Every year an increasing number of shows are put on – generally in pubs – as part of the Free Fringe. You go along and if you like it you pop some money in a bucket as you leave. If you don’t like it I’m not sure what you’re supposed to pop in the bucket!
Terrors of the Black Museum, performed by Dan McKee, Ben Smith and Laurence Tuck, is a comedy, not the horror that some audience members seemed to have been expecting. If you’ve ever seen one of those 1970s Hammer films with a group of individuals recounting the story of how they have arrived in a place which subsequently turns out to be hell, then you’ll recognise the scenario. Clearly inspired by Lovecraft, with dark nameless indescribable horrors and departments of Cryptozoology and even a book which is a catalogue of books that have not yet been written, this is and enjoyable experience that would benefit from being shortened and tightened up.


Opening Night of the Living Dead
Obstacle Productions
C Cubed

Yet more zombies – a bit of an underlying theme at this year’s Fringe.
An am dram production of Romeo and Juliet is taking place when the Zombie Apocalypse happens.

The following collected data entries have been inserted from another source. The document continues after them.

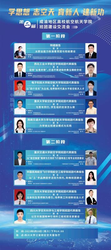 为深入学习贯彻习近平新时代中国特色社会主义思想,探索高校班团组织建设的创新思路和实践途径,推动成渝地区高校形成协同育人合力,5月20日下午,“学思想、志空天、育新人、建新功”第二届成渝地区高校航空航天学院班团建设交流会在四川大学空天报告厅成功举办。四川省教育厅宣传思想与统战工作处处长李大鹏、四川大学相关部门负责人以及四川大学、西北工业大学、电子科技大学、重庆大学、英国上市公司365、重庆交通大学、中国民用航空飞行学院、西华大学等八个高校航空航天类学院的老师和学生代表参加会议。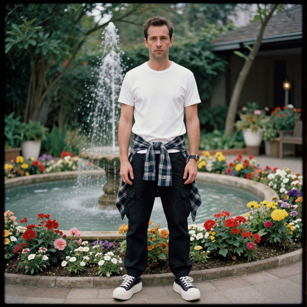 A man, classic white crew neck t-shirt, black cargo pants, chunky platform sneakers, plaid flannel shirt tied around the waist, standing in a lush garden courtyard, cascading water feature, colorful flower beds, daguerreotype film style, relaxed expression, soft light filtering through leaves. Man has masculine face and piercing eyes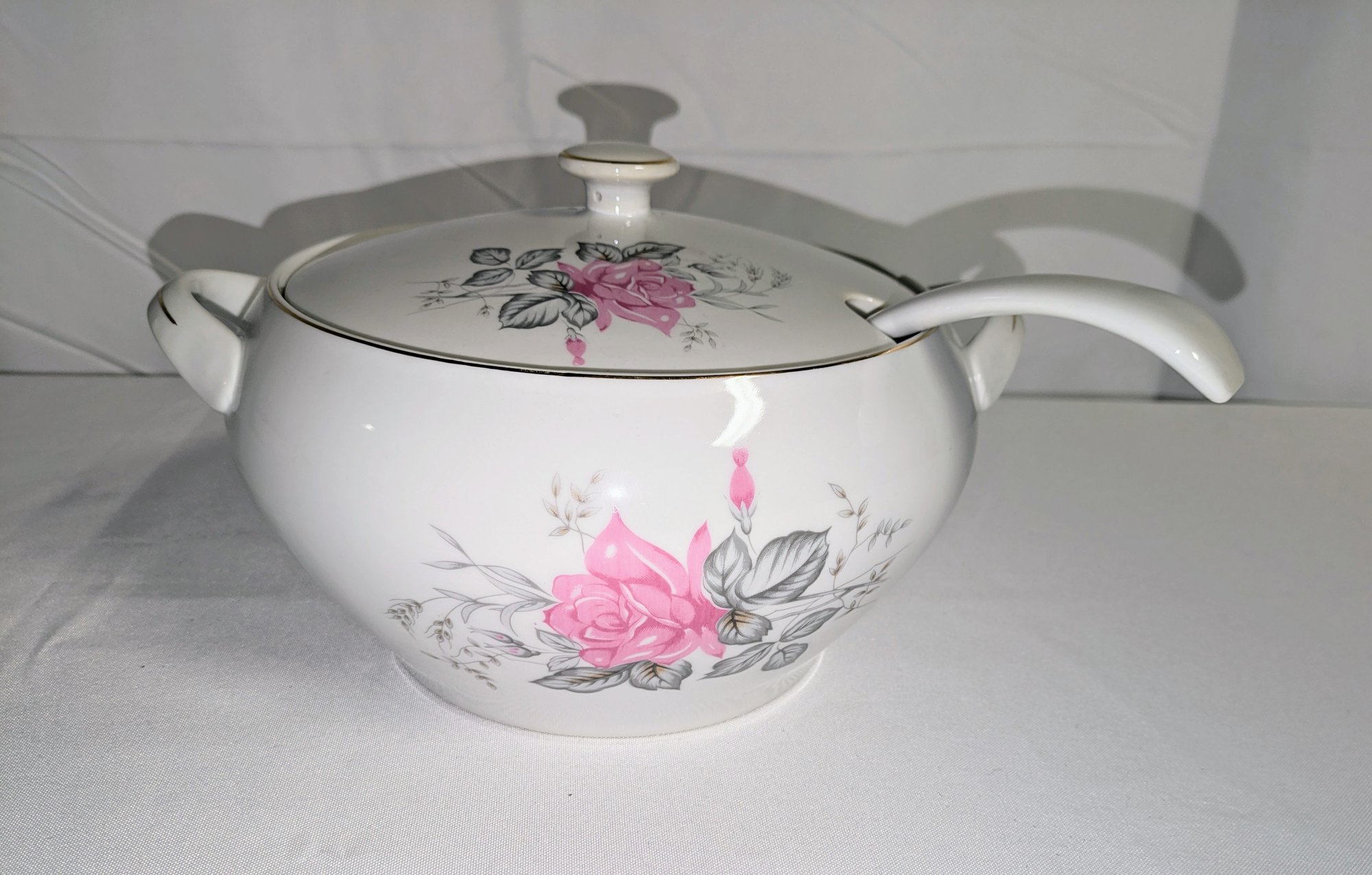 Imperial Rose, japan, Porcelain Soup Tureen with Ladle. Beautiful Floral Design. Excellent Condition. Please see all photos as part of the description and condition. 6"H x 10" Diameter Handle to Handle, Inside Diameter 7.75"

Regrettably, the cast of the show have not seen How to Survive a Zombie Apocalypse [another Fringe show – see review] so they are surely doomed. However, being the true thespians that they are, the show must go on, so whilst backstage (which is what we mostly see) there is zombie mayhem, in the stalls there is a blissfully ignorant audience. The show includes a Scoobie Doo skit – running up and down corridors being followed by zombies, complete with constant swapping of places – which is absolutely hilarious. Opening Night of the Living Dead is a bit of a romp; whilst one or two sections are weak, overall it holds up well and at the end everyone gets to exit stage left pursued by a zombie…


Leganda
Moscow State Circus
Meadows Theatre Big Top

Grigori Rasputin was born in 1869 and died in 1917. Except he didn’t. He has now found a new career as ringmaster for the Moscow State Circus’ latest show, Leganda. The historical(ish) story of Rasputin is referred to throughout the show as a basic framework to hang everything on: to be honest it doesn’t need it – and a cheesy rendition of Boney M’s ‘Rasputin’ is a definite low point – but what the heck. There are several highlights, including a jaw-dropping performance by Anton and Nataliya Popazov. It’s called ‘Crossbow’ and evokes the guest spots of Hans and Helga Moretti on The Paul Daniels Magic Show. At one point, with the crossbow aimed at a spinning target, I realised that if they missed I was pretty much in the line of fire! Another feat involves a stunning cascade effect where one crossbow bolt fires off another and so on until the last one strikes an apple above Anton’s head. Other acts include the Russian Swing, acrobalance, juggling and clowns. Act 1 closes with the Wheel of Death, an apparatus that has quite literally lived up to its name at times. The performances on this are some of the most death-defying I have ever seen, and I don’t know about the performers but my heart was definitely in my mouth. If this was the finale to the whole show the evening would have been perfect; unfortunately, the last act of the night, the Russian Swing, can’t quite live up to it. The whole show, though, is a tour de force.